23 Şubat 2015 Pazartesi

Ah, Ana Muhalefet!

               Bugün, Sayın Tarhan açıklama yapıyor. Sözün özü; cumhurbaşkanlığı seçiminde gösterilen adayın MHP ile ortaklaşa bir çalışmanın sonucu olması ve hüsranla neticelendirilmesi sebebiyle CHP Genel Başkanı'nı istifaya davet ediyor.
                Bir bakıma haklı olan Tarhan'ın gerekçelerinden biri de CHP'nin sağ düşünceden bir aday çıkartması kendi ilkelerine karşı çıkmasına sebep olduğudur. Peki, olmasaydı ne olurdu?
                Diyelim ki, altı ok düşüncesine sahip, sosyal demokrat biri aday olarak gösterildi. seçim propagandasını bu düşünce üzerinden ve sosyal demokrasi üzerinden yaptı. Kazanacağına inanır mıydınız?
                Ben inanmazdım! Çünkü,  CHP'nin sorunu, ilkelerini net belirleyememesidir. Zira sosyal demokrat bir partinin bir millet vekili marksist/leninist ise o millet vekilinin kendini ifade edecek yeri olmadığındandır. Üstüne bu millet vekili bir de marksist girdiği partide sosyal demokrat söylemler yürütüyorsa, vay memleketimin haline...
                Tarhan, Demirtaş'ın aldığı %9 luk oy oranını belirterek, bu oranın CHP'nin MHP ile yaptığı ittifak sonucu, CHP tabanından Demirtaş'a oy veren vatandaşlar olduğunu söyledi. E, haklı! Es geçilen ise şu, amacının ne olduğunu bilen, çalışmalarını buna dair yapan ve Türkiye'de sosyalist olduğunu belirten bir çok insan oyunu Demirtaş'a vermiştir. Kazanamayacağını bile bile ama %9 un içinde mutlu ve huzurlu olduğunu söyleyerek.

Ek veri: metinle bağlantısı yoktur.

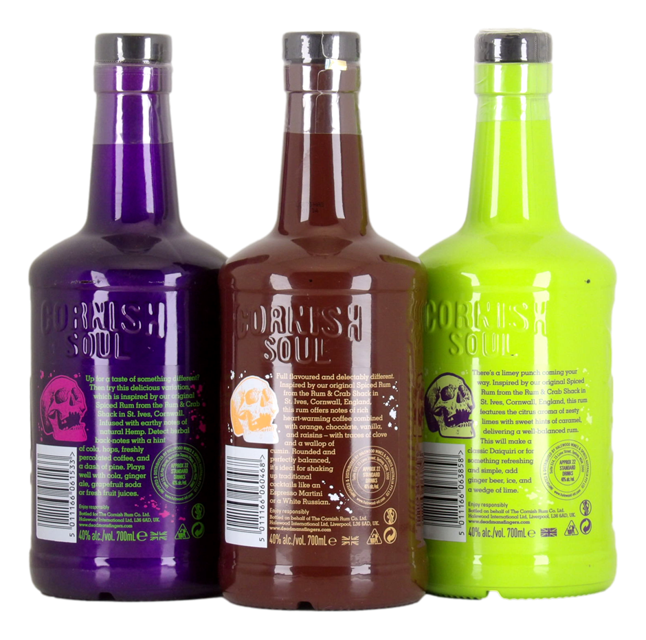 A diverse trio of Dead Man’s Fingers rums, each delivering distinctive flavours.Includes earthy Hemp Rum, rich Coffee Rum, and tropical Mango Rum, ideal for enjoying neat or in cocktails.

                Havuz medyası, propaganda yapamıyoruz, maddi gücümüz yok, televizyonlar bize yer ayırmıyor gibi söylemlerle kendini küçük düşüren CHP, kendi inancını yetirmiş bir partidir. İş Bankası'nı ve partinin resmi gelirlerini bir yana bırakarak, millet vekillerini partiye inandırmaktır has olan. Mecliste yüz otuz (130) millet vekiline sahip olan CHP, vekil başına ayda beş bin Türk Lirası (5.000 TL) bağış (aidat) alsa, bir sene içerisinde yedi milyon sekiz yüz bin Türk Lirası (7.800.000 TL) yapar. Bunu verecek vekil yoksa partide ya kapatın gidin evinize ya da muhalefet olmaya devam edin ömrünüzce. (Değişim için çıkar değil, sadakat önceliklidir)

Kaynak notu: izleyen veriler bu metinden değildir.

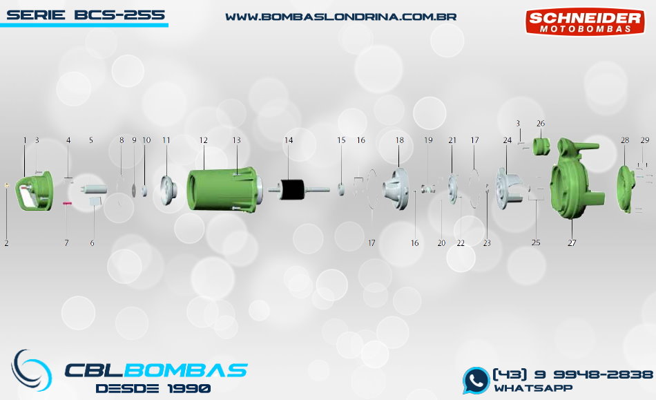 bomba schneider monoestágio para fluídos sem sólidos. disponível nas potências de 3/4cv , 1,0cv e 1,5cv

                Bunun sonucunda, CHP her ne kadar lider değiştirirse değiştirsin. En büyük sorunu partisel anlamda kendine inanma sorunudur. Sizler önce kendinize inanın, sonra tabanınızı kendinize inandırın, en son AKP'nin tabanını kendinize inandırın. Zira başka bir şeye inanmış bir toplumu kendine inandırmak çok zordur!